[dns-operations] DNS zone monitoring

Warren Kumari warren at kumari.net
Mon Jun 14 20:32:10 UTC 2010

On Jun 14, 2010, at 8:34 AM, Joe Greco wrote:

>> On 6/13/10 9:29 PM, Joe Greco wrote:
>>>> On 2010-06-13, at 22:56, Joe Greco wrote:
>>>>> I was just in a discussion elsewhere that brought up an old topic:
>>>>> How do people monitor for secondary servers that are having  
>>>>> trouble
>>>>> updating a zone from the master?
>>>> We direct an apex/IN/SOA query to all servers for each zone we are
>>>> checking, and if we see inconsistent serial numbers we sound  
>>>> alarms.
>>> Yes, but that's only useful if your SOA's are changing.  For many  
>>> zones,
>>> there's no need for the serials to change.  Besides, I already  
>>> indicated
>>> we did that.  :-)
>> One thing I employ is a test zone (something.test) and set all the  
>> SOA
>> values way down, such as a 5 min expire. This way the slaves are
>> actively doing their master-slave thing constantly. If there's a  
>> problem
>> the slaves eventually expire the test zone and that sets off alarms.
> That's sufficiently obvious that now I almost feel silly.  It's  
> still not
> quite what I'd prefer, but I think it addresses many of the cases  
> that I
> can think of.

Another case where it doesn't work hugely well is if you are providing  
secondary service for someone else -- explaining why they have to  
configure a specially named zone (that isn't delegated to them, and  
with odd timers) is tricky.

At the moment the best I have found is just running 'dig AXFR blargh'  
from cron and looking for >N failures in M interval, but this is A:  
inelegant and B: doesn't exercise the full path. I knew a guy who  
would fire up a whole separate BIND instance and have to transfer  
into /tmp/something, check that he got the right files and then  
delete /tmp/something... Seemed a little crazy to me, but...

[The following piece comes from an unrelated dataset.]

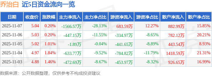11月7日的资金流向数据方面,主力资金净流出1566.57万元,占总成交额28.13%,游资资金净流入683.59万元,占总成交额12.27%,散户资金净流入882.99万元,占总成交额15.85%。

> Others, like disk-full-failed-to-transfer, haven't actually
> shown themselves to be likely scenarios...  maybe that could be  
> tested by
> shifting the length of the test zone file around (yes, a crappy/ 
> hacky test,
> obviously).
> Thanks for the idea.  If anyone else has any comments, though,  
> please do
> feel free to comment.
> ... JG
> -- 
> Joe Greco - sol.net Network Services - Milwaukee, WI - http://www.sol.net
> "We call it the 'one bite at the apple' rule. Give me one chance  
> [and] then I
> won't contact you again." - Direct Marketing Ass'n position on e- 
> mail spam(CNN)
> With 24 million small businesses in the US alone, that's way too  
> many apples.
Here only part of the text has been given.